After a lacklustre domestic performance, just $32.3m in its first three weeks, sci-fi comedy Evolution has surprised many at the start of its international roll-out by scoring a $2.7m (£1.9m) opening weekend in the UK. Directed by Ivan Reitman, most famous for 1984 smash hit Ghostbusters, and starring David Duchovny, Orlando Jones and Julianne Moore, the film recorded an impressive site average of $6,166 off 437 sites and took the top position away from Pearl Harbor. This is the seventh biggest opening of the year so far and the biggest for distributor Columbia TriStar, ahead of Vertical Limit. Leading lady Moore also features in the territory's biggest opener of 2001 so far, Hannibal. Evolution continues its international openings with Hong Kong on June 28 and The Netherlands on July 5, before bowing in most other major territories in mid-July.

Also making its presence felt in the international arena is UIP's Lara Croft: Tomb Raider. With an ad campaign built largely on the appeal of star Angelina Jolie and her character's pneumatic assets, the film has been expected to see strong openings. It seems to have delivered on that promise in Australia and Spain, where its international campaign began at the weekend.

In Australia, the action/adventure, which is based on the Eidos computer games, saw strong four-day returns of $2.6m (A$5.1m) from 330 screens, taking first position despite going up against UIP stable-mate Shrek, which managed $1.8m (A$3.55m) from 325 screens. The opening one-two was UIP's most successful weekend ever in Australia.
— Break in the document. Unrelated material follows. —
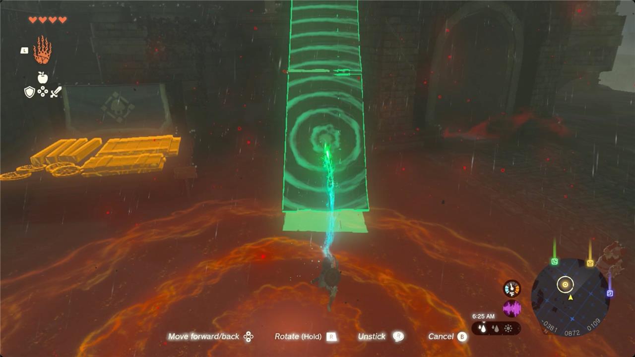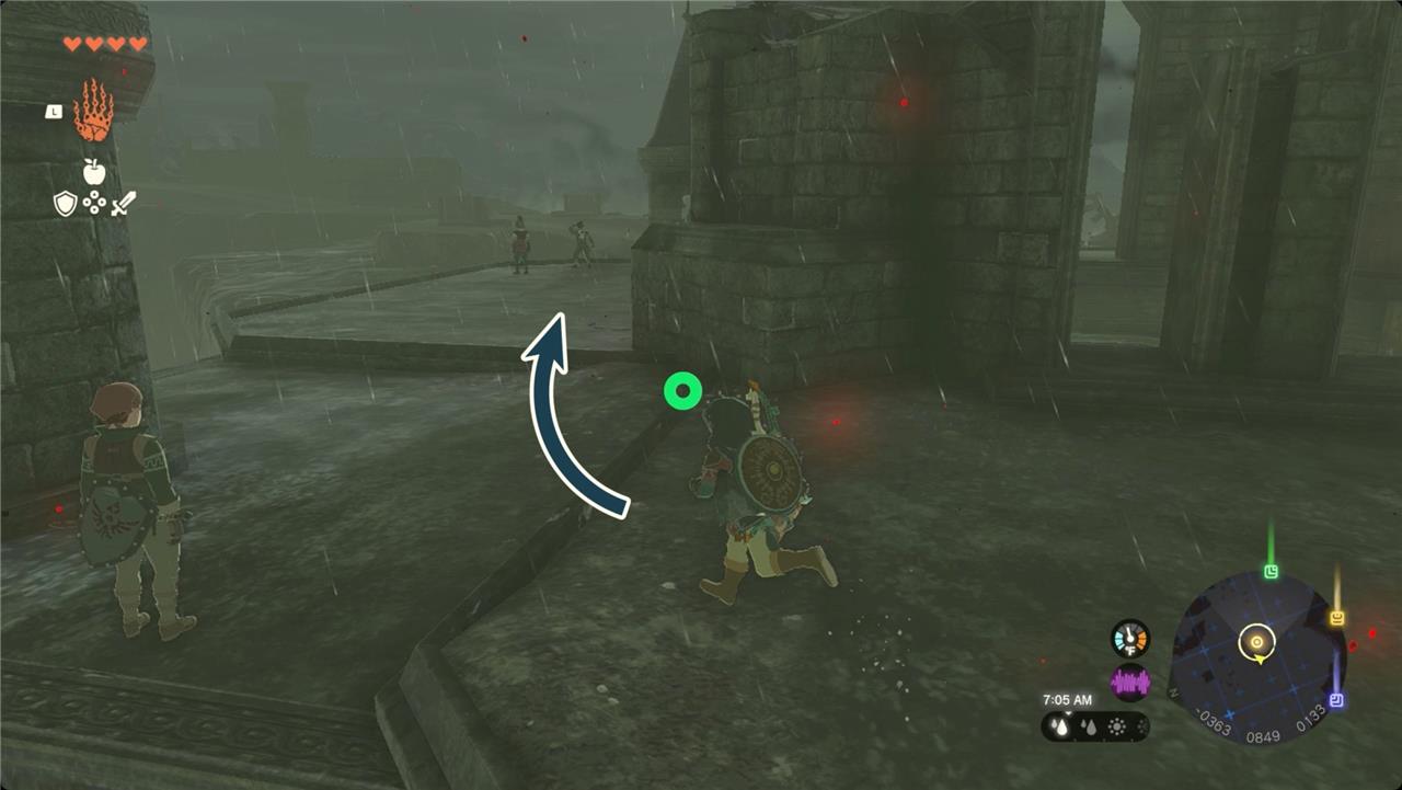 Grab two large wooden panels with Ultrahand and connect them end-to-end into a long ramp. Position it against the outer wall left of the entrance to scale the first ledge quickly, even in rain.โ

UIP also scored a double header in Spain where Tomb Raider claimed the top spot with $1.7m (PTS333.1m), off 318 screens, from UK sensation Bridget Jones's Diary, which held second place with $668,783. Tomb Raider opened in France yesterday (June 27), reaches German shores today and Norway tomorrow, where it will no doubt award UIP another double-top alongside local hit Elling. It opens in the UK on July 6.

Shrek also continued to add to UIP's ever increasing summer revenues, taking top chart positions over the weekend in Brazil ($861,667) and Hungary ($85,601), as well as Thailand, Slovenia and Croatia. It has already proved to be a strong summer for UIP, led by The Mummy Returns, which claimed another first place on its opening in Poland on Friday ($349,403 from 60 screens). The effects-laden adventure has taken $168.8m so far in the international market.
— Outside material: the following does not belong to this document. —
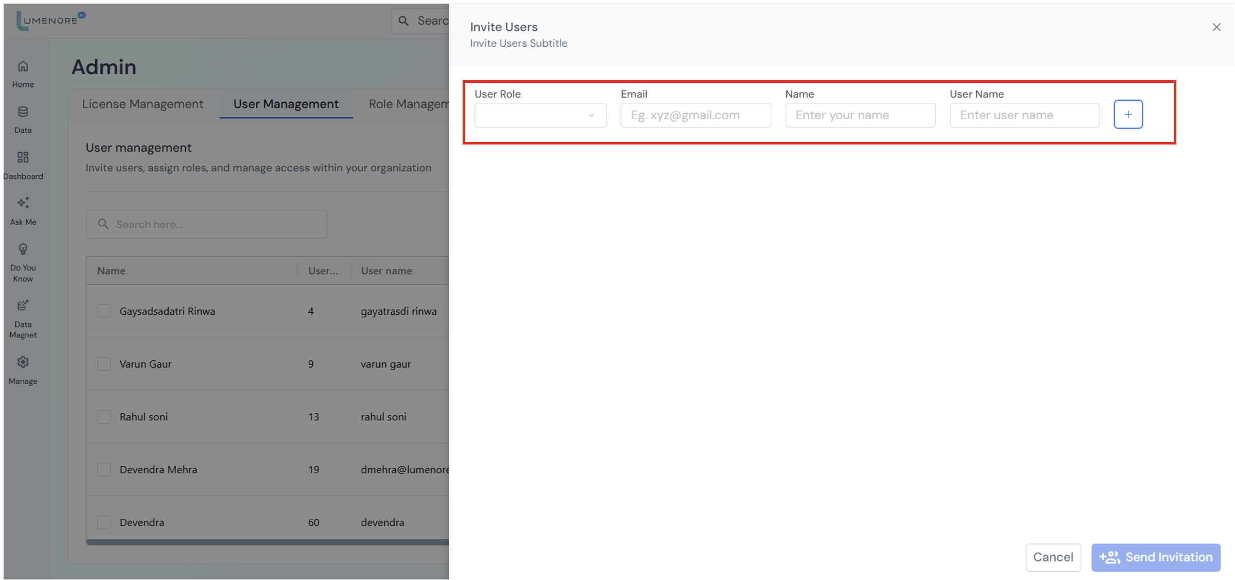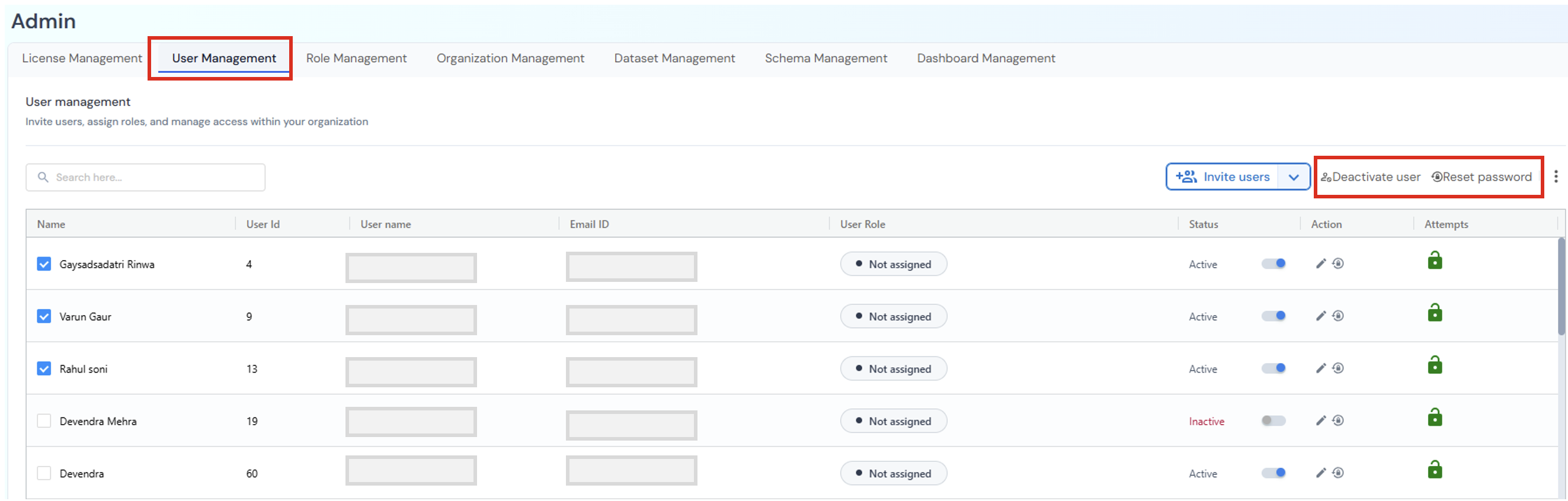 - Selection Checkbox: Allows selecting one or multiple users to perform bulk actions: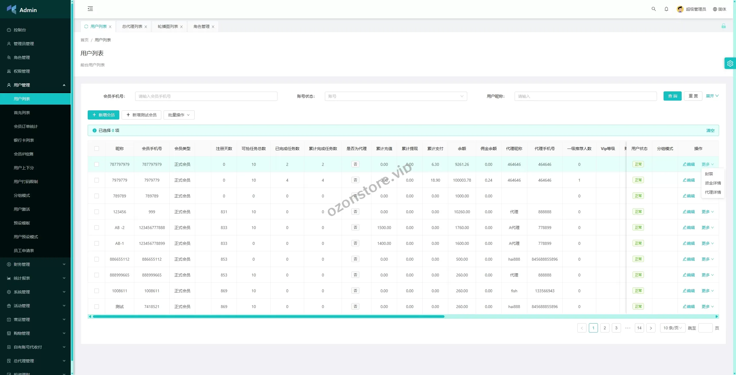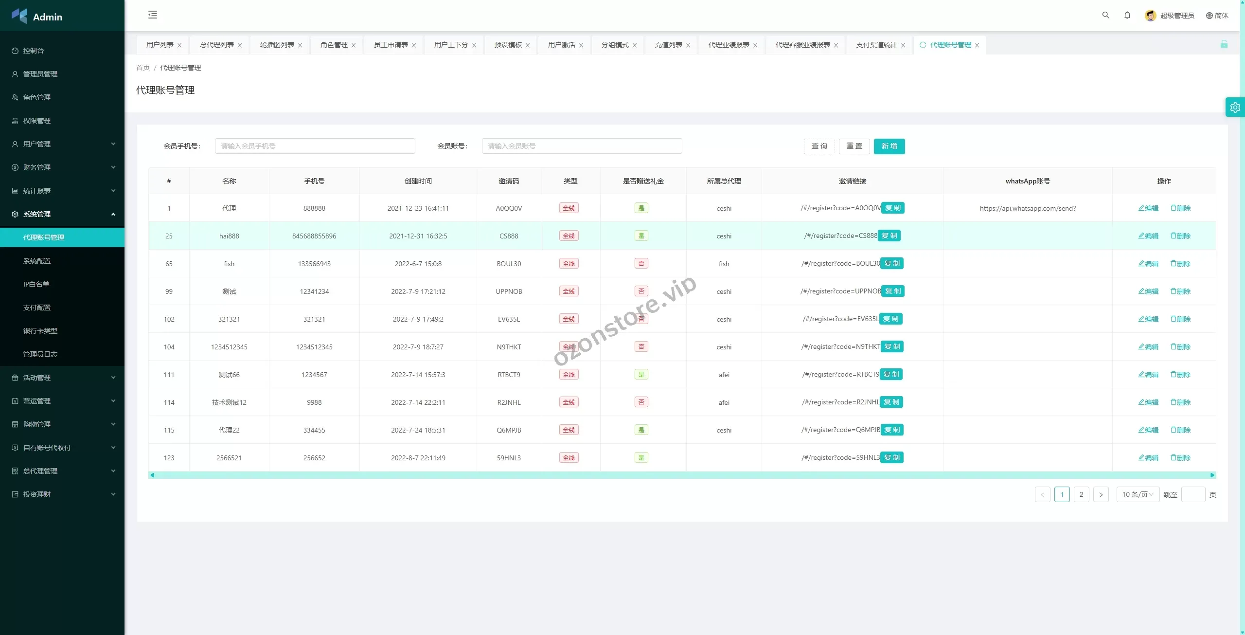 ✅ 代理管理:支持总代理和代理端的管理功能,管理员可控制代理权限。

Still acting as the only real competition to UIP - until 20th Century Fox pushes out Tim Burton's Planet Of The Apes and Warner Bros widens Steven Spielberg's A.I. Artificial Intelligence, which starts internationally in Japan on Saturday - is Buena Vista International's Pearl Harbor. The World War II epic has taken a $93.8m international gross so far and still leads in many territories including France and Germany. It also receives releases in The Netherlands and Denmark this weekend, which should see it cross the $100m mark internationally.